**Instructions to follow**
The listing is to be printed word for word, pictures omitted.

**Exercise data**
━━━━━━━━━━

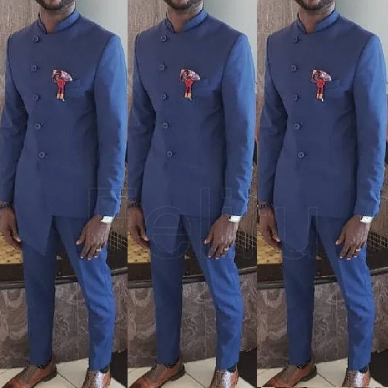 Африканский Свадебный Мужской длинный костюм, приталенный мужской костюм, деловой костюм, смокинг на заказ, мужской костюм-Кафтан из 2 предметов, темно-синее пальто + штаны
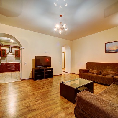 Spazioso appartamento bilocale (75mq) a San Pietroburgo, vicino all´Ermitage e alla Nevsky Prospect, una delle più famose vie della città. L'appartamento permette di accomodare fino a 6 persone, ha un letto matrimoniale nella camera da letto e due divani matrimoniali nel soggiorno. La cucina e il bagno sono completamente attrezzati. Vi è la connesisone a Internet Wi-Fi. L'ingresso nel palazzo è da un cortile chiuso, vi è la portineria 24 ore. Sia in estate durante il periodo delle notti bianche, sia durante il romantico inverno russo, soggiornare nei nostri appartamenti a San Pietroburgo, permette di vivere una vacanza indimenticabile.
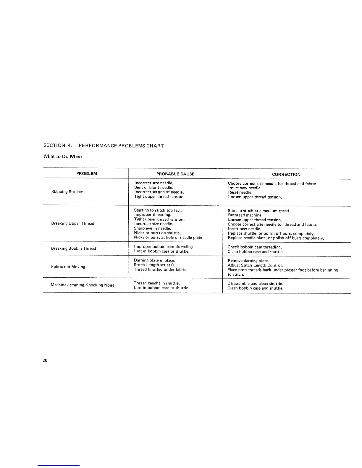 SECTION 4. PERFORMANCE PROBLEMS CHART
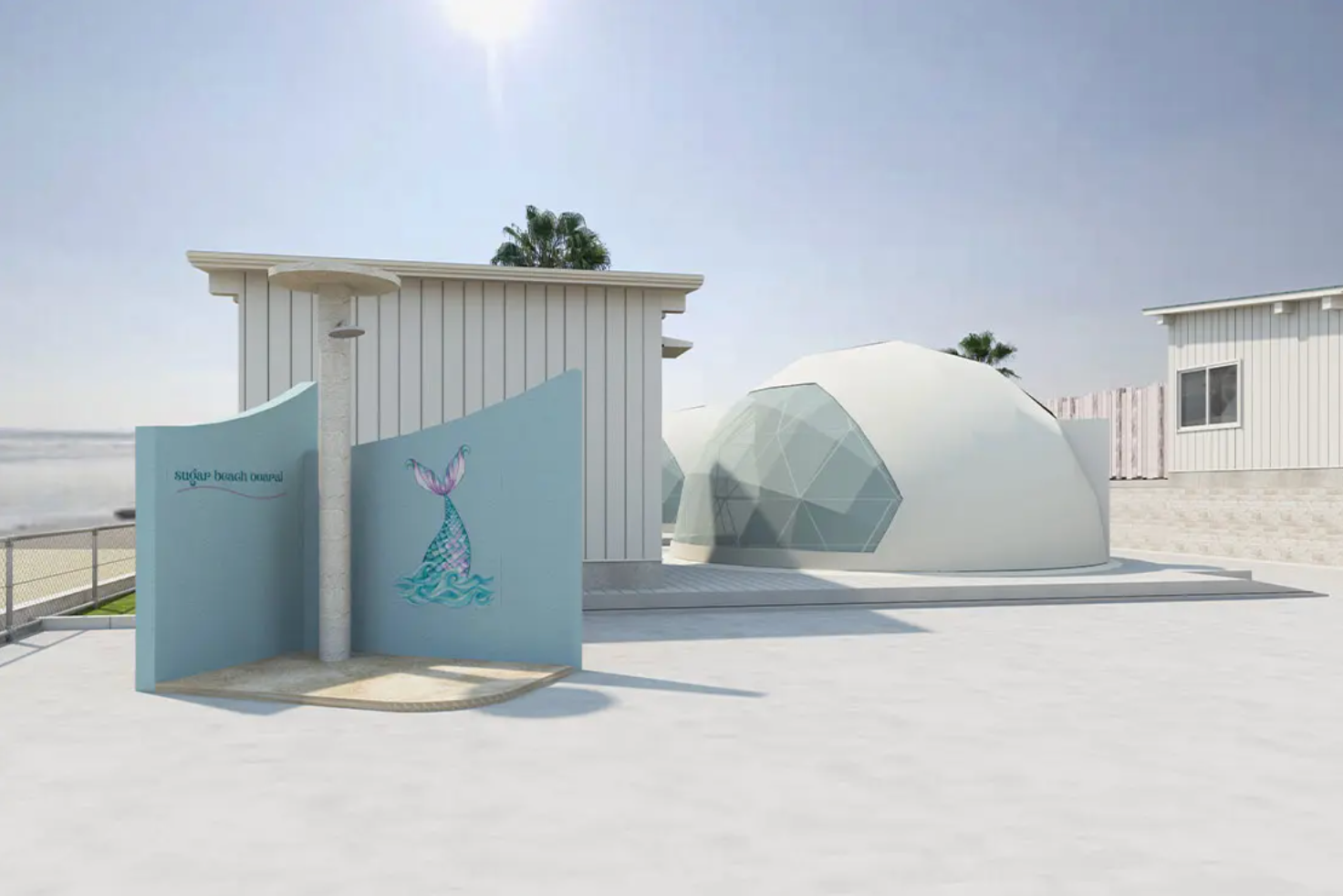 この度、HAMIRUは関東初のビーチグランピング施設となる、全室オーシャンビュー、専用シャワー・トイレ付、オールインクルーシブ付の新施設「Sugar Beach Oarai」を2024年4月1日(月)にオープンいたします。海が見えるジャグジー、愛犬が泊まれる部屋、宿泊者専用のビーチゲートを備えた非日常的な癒し空間を創る施設です。

━━━━━━━━━━

**Your solution**
 Африканский Свадебный Мужской длинный костюм, приталенный мужской костюм, деловой костюм, смокинг на заказ, мужской костюм-Кафтан из 2 предметов, темно-синее пальто + штаны
 Spazioso appartamento bilocale (75mq) a San Pietroburgo, vicino all´Ermitage e alla Nevsky Prospect, una delle più famose vie della città. L'appartamento permette di accomodare fino a 6 persone, ha un letto matrimoniale nella camera da letto e due divani matrimoniali nel soggiorno. La cucina e il bagno sono completamente attrezzati. Vi è la connesisone a Internet Wi-Fi. L'ingresso nel palazzo è da un cortile chiuso, vi è la portineria 24 ore. Sia in estate durante il periodo delle notti bianche, sia durante il romantico inverno russo, soggiornare nei nostri appartamenti a San Pietroburgo, permette di vivere una vacanza indimenticabile.
 SECTION 4. PERFORMANCE PROBLEMS CHART
 この度、HAMIRUは関東初のビーチグランピング施設となる、全室オーシャンビュー、専用シャワー・トイレ付、オールインクルーシブ付の新施設「Sugar Beach Oarai」を2024年4月1日(月)にオープンいたします。海が見えるジャグジー、愛犬が泊まれる部屋、宿泊者専用のビーチゲートを備えた非日常的な癒し空間を創る施設です。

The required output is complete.